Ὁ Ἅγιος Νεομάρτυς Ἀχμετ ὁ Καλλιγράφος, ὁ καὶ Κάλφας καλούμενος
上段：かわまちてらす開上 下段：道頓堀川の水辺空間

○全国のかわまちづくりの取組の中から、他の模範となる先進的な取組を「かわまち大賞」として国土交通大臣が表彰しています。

┄┄┄┄┄┄┄┄┄┄┄┄┄┄┄┄┄┄┄┄

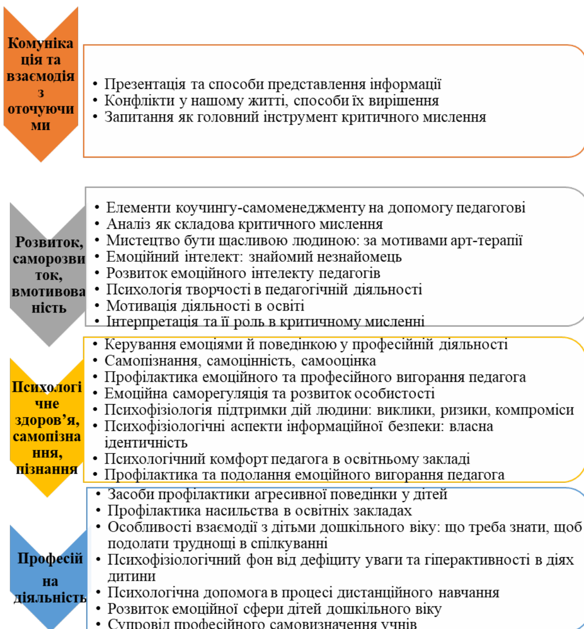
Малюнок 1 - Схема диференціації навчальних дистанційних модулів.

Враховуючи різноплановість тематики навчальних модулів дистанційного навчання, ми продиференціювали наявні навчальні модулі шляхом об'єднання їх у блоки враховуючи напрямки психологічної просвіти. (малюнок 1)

┄┄┄┄┄┄┄┄┄┄┄┄┄┄┄┄┄┄┄┄

◆ What you need to do
Read through the data and copy every line where "навчальних" shows up.

◆ Problem solution
Малюнок 1 - Схема диференціації навчальних дистанційних модулів.
Враховуючи різноплановість тематики навчальних модулів дистанційного навчання, ми продиференціювали наявні навчальні модулі шляхом об'єднання їх у блоки враховуючи напрямки психологічної просвіти. (малюнок 1)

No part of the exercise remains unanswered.